Estaba en Cúspide mirando libros. De pronto encontré uno cuyo autor ni siquiera recuerdo. Tampoco el título. Solo me acuerdo de que el libro parecía interesante, la tapa era más que seductora, creo que de Anagrama, pero poco importa, podría haber sido Tusquets, Sudamericana, lo mismo daba. Y de golpe fue como un deja vú. Me daban ganas de comprarlo aunque no supiera nada del autor, ni de sus temáticas. Aunque nadie, nadie me lo hubiera recomendado. Se me vino encima una sensación que no vivía desde hacía no sé, veinte años cuando iba a las librerías y compraba lo que me parecía que estaba bien, un poco por el título, otro poco por las primeras líneas y a veces por el final. Así descubrí a Carver. Pero el tema justamente estaba en que el nombre de autor no me influía, simplemente leía lo que se me daba la gana con la ingenuidad de quien descubre y se deja descubrir.

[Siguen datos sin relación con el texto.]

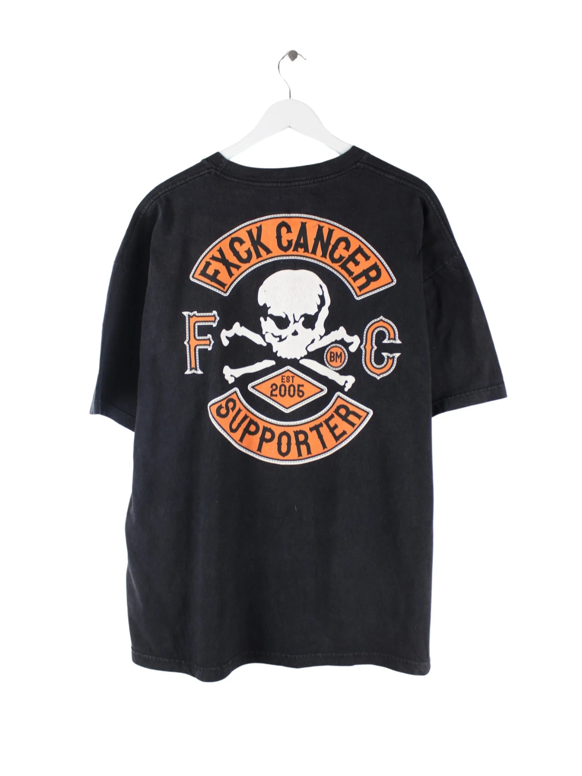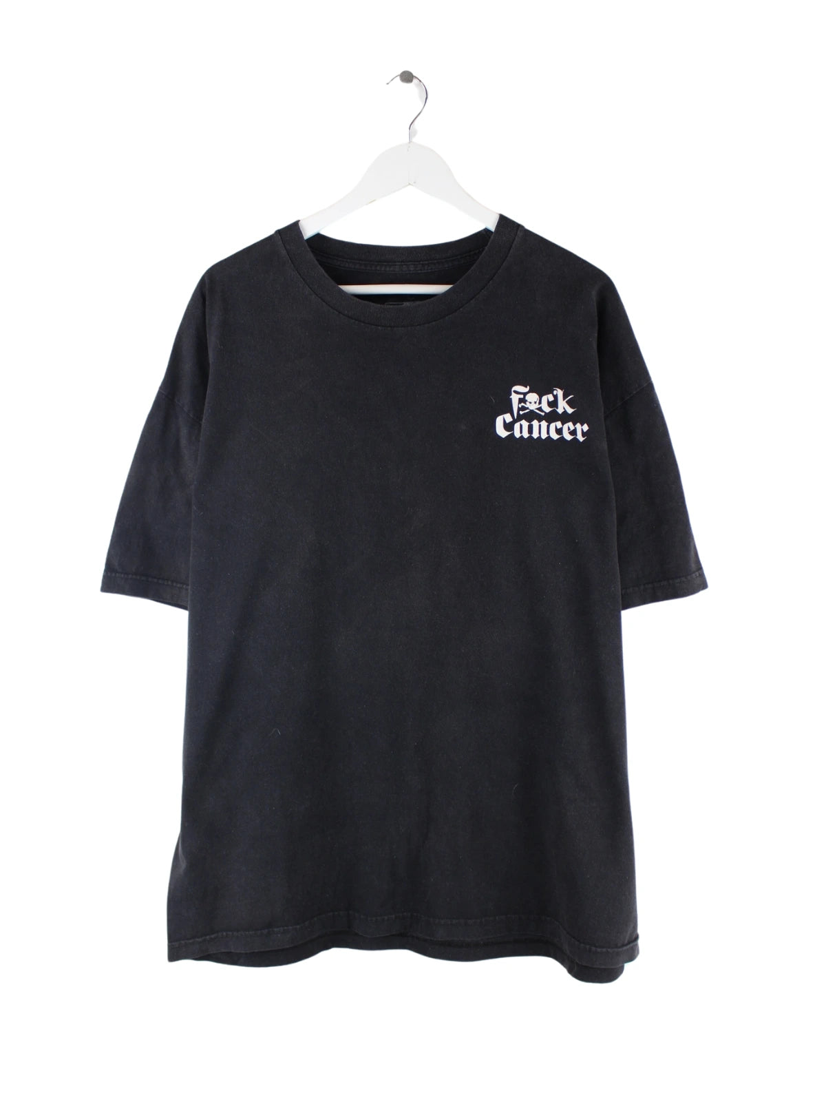 Schwarzes Vintage T-Shirt in Größe XXL. Es ist aus Baumwolle gefertigt und in gutem Zustand bei uns zu bekommen. Mit tollem Cancer Print.
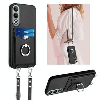Για OnePlus Nord CE4 / OPPO K12 5G R20 Crossbody σχοινί δαχτυλίδι κάρτας κάτοχος τηλέφωνο υπόθεση (μαύρο)
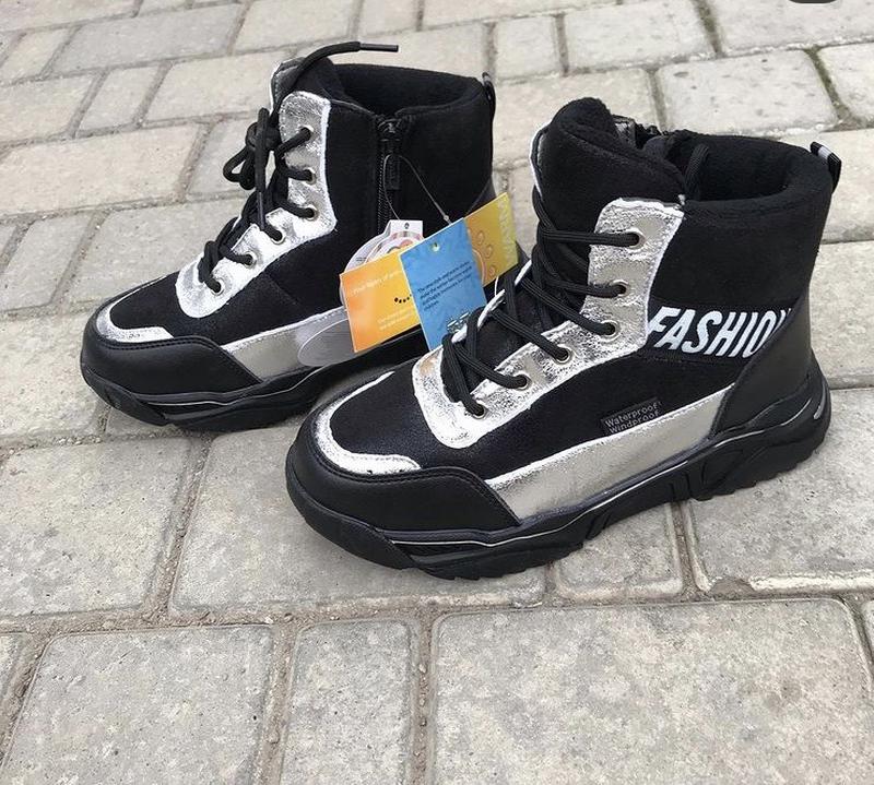 Верх эко кожа, высокая и легкая подошва, есть шнуровка и молния, утепленные овчиной 36-23,5 см стелька
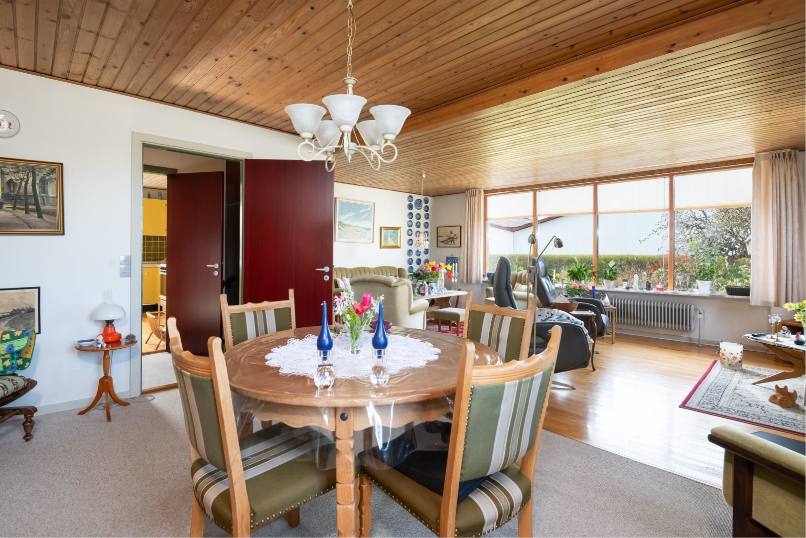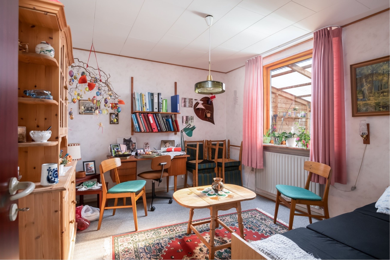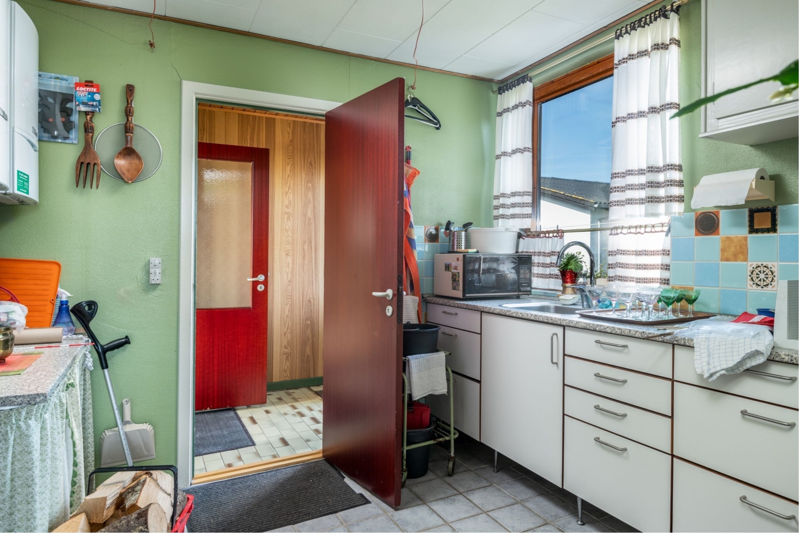Boligen er indrettet med vindfang med indgang til stort bryggers med bordarrangement, entré, pænt køkken med spiseplads, stor lys vinkelstue med nyere brændeovn, soveværelse, 2 værelser, badeværelse med bruseniche. Fra entré udgang til terrasse, derfra indgang til skøn havestue.
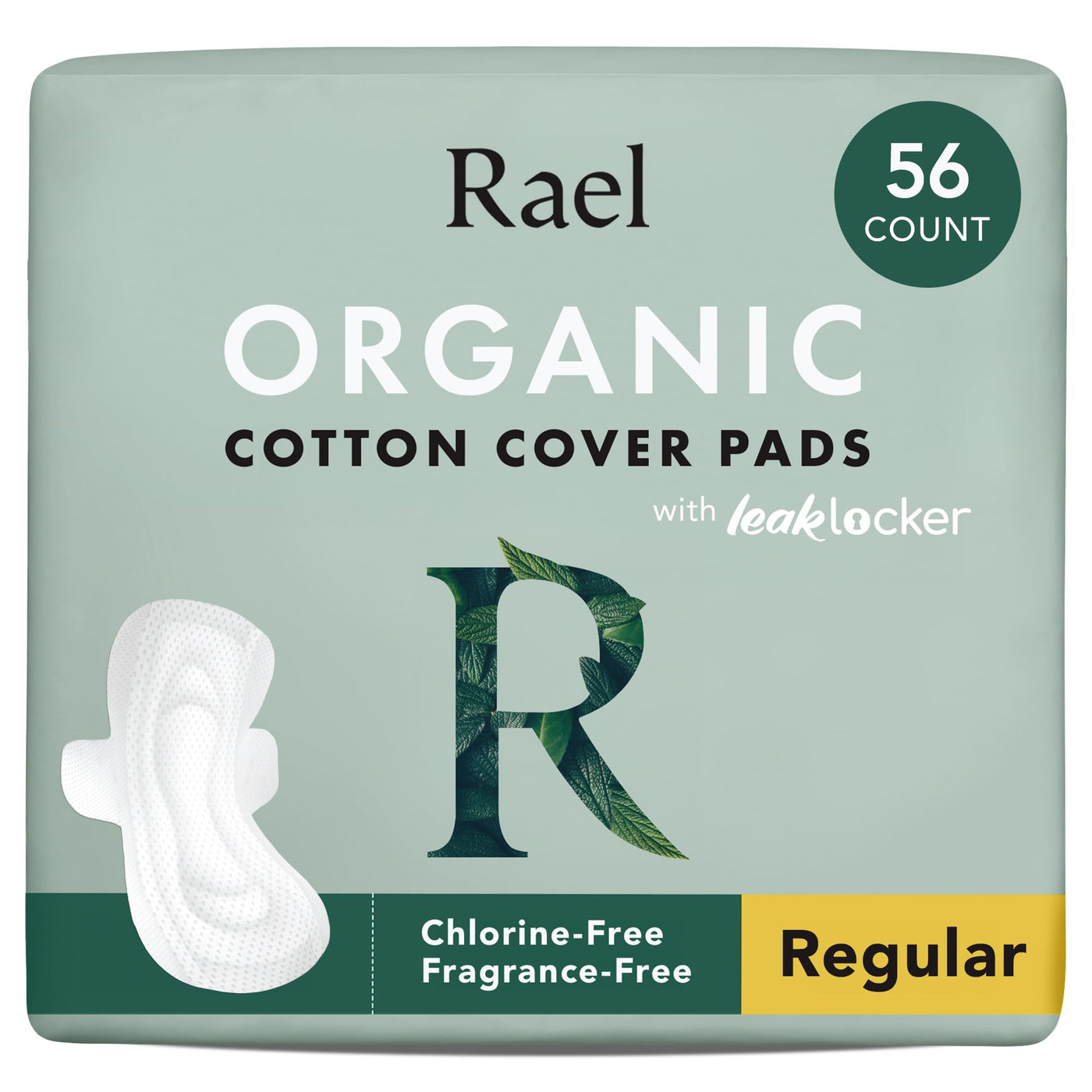 Rael Organic Cotton Cover Pads - Regular Absorbency, Unscented, Ultra Thin Pads with Wings for Women (56 Total) Sale
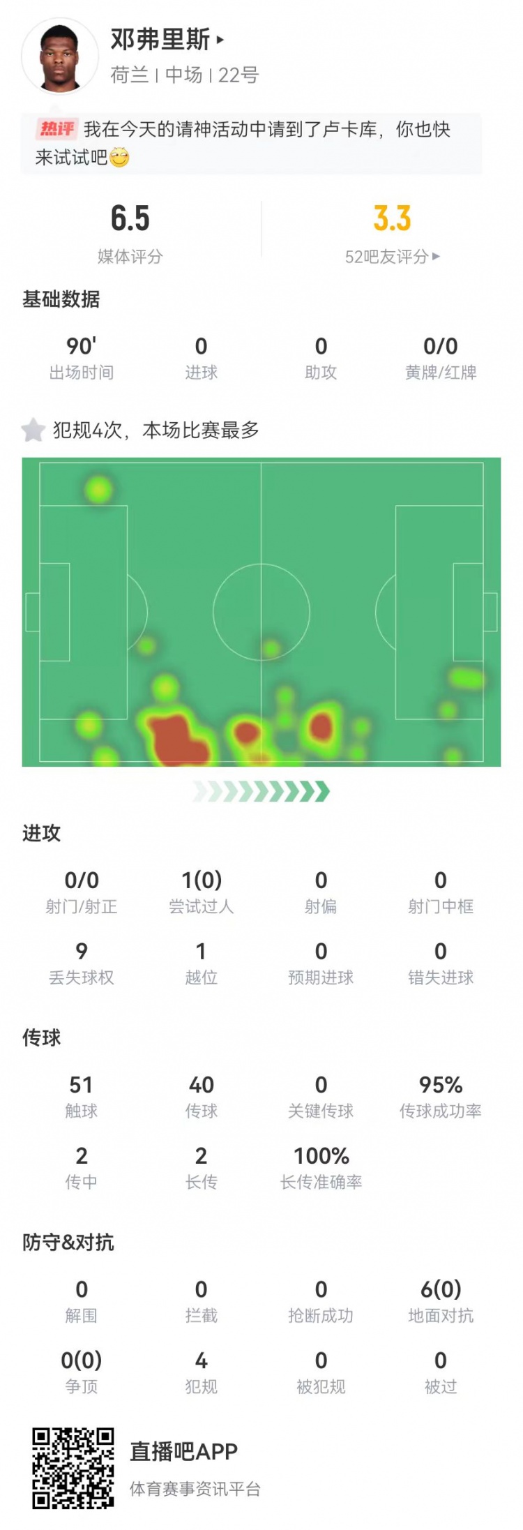 战犯!邓弗里斯防守端挂零+6对抗失败+4犯规+1致命越位 6.5分最低
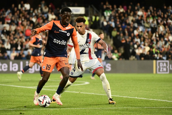 Rabby NZINGOULA (MHSC), Desire DOUE (PSG) lors du match Montpellier Herault SC vs. Paris Saint-Germain pour la 33eme journee de la Ligue 1 McDonald's au Stade de la Mosson, le 10 mai 2025. Ligue 1 McDonald's match, Montpellier Herault SC vs. Paris Saint-Germain (1-4) in Montpellier on May 10, 2025.
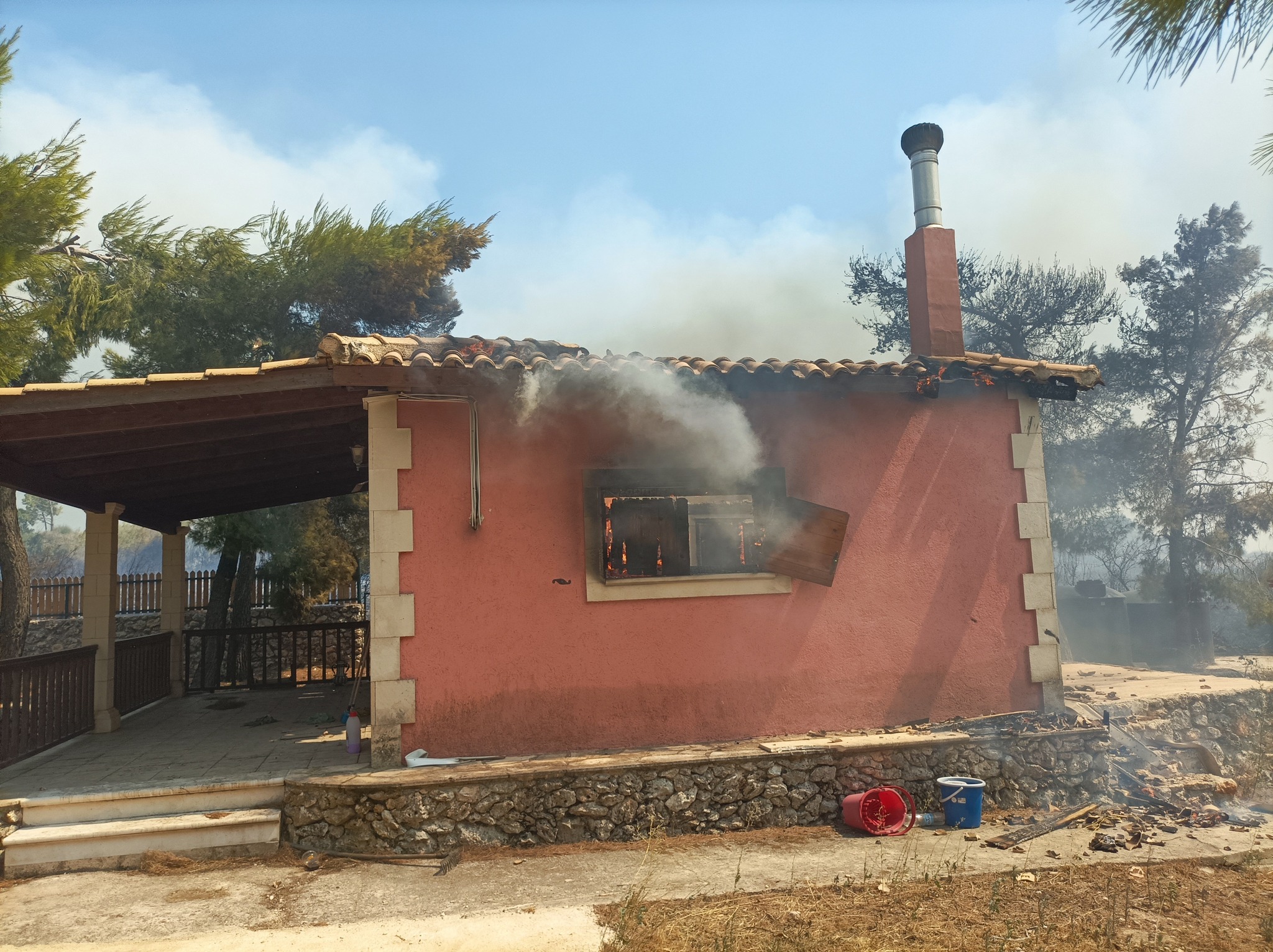 Η φωτιά καίει ανεξέλεγκτα και σε Λιθακιά, Αγαλά. Ζημιές σε σπίτια υπήρξαν στην Αγαλά, καθώς η πυρκαγιά πέρασε μέσα από το χωριό.
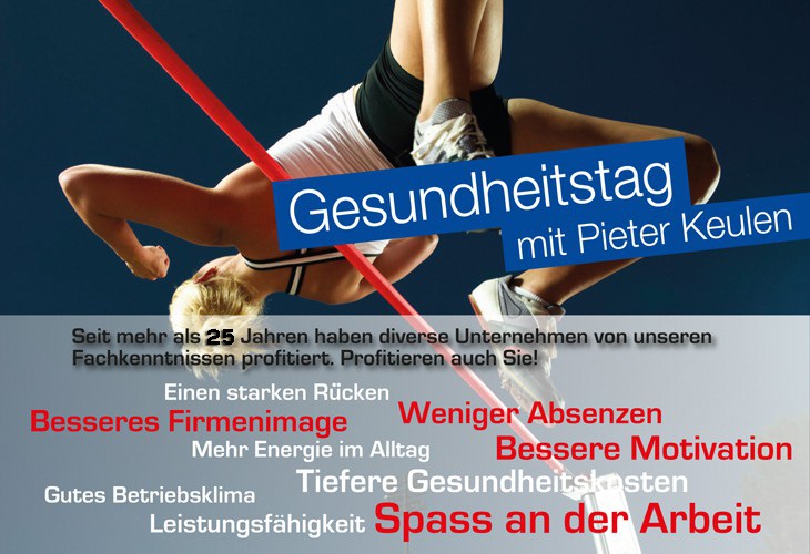 Es geht dabei unter anderem um Themen wie einen gesunden Rücken, Ergonomie, Ernährung, Gesundheitschecks direkt in deinem Unternehmen, Teambuilding-Events und vieles mehr.

El martes en Cúspide enseguida pensé: en casa tengo To the Lighthouse, de V. Woolf -tengo ganas de leer todo Woolf, cosa que no he hecho- y dejé el libro desconocido en el estante. Una lástima quizás. Prometía trama, personajes y sobre todo el recuerdo de otra manera de leer. Porque hubo un tiempo en el que una biblioteca era algo más que recomendaciones, lecturas críticas, escritores conocidos y amigos, amados u odiados por cuestiones, a veces muy por debajo o por encima de la literatura.
2 comentarios:
Caro
Dos cosas. Lee mi comentario a la entrada de Pérec. Y, la otra, tenemos que escribir algo sobre la nouvelle de Juan Villoro, tan melancólica, tan impresionantemente conmovedora y asfixiante. ¿Habrá espacio para discutir también la novela de Mariana? ¿y a Bruzzone? Dame tu licencia, amiga.
Lu, dale, escribite algo sobre Docampo, Villoro y Bruzzne y lo subimos. Por supuesto amiga. Ah si te fijas yo algo escribí de Villoro.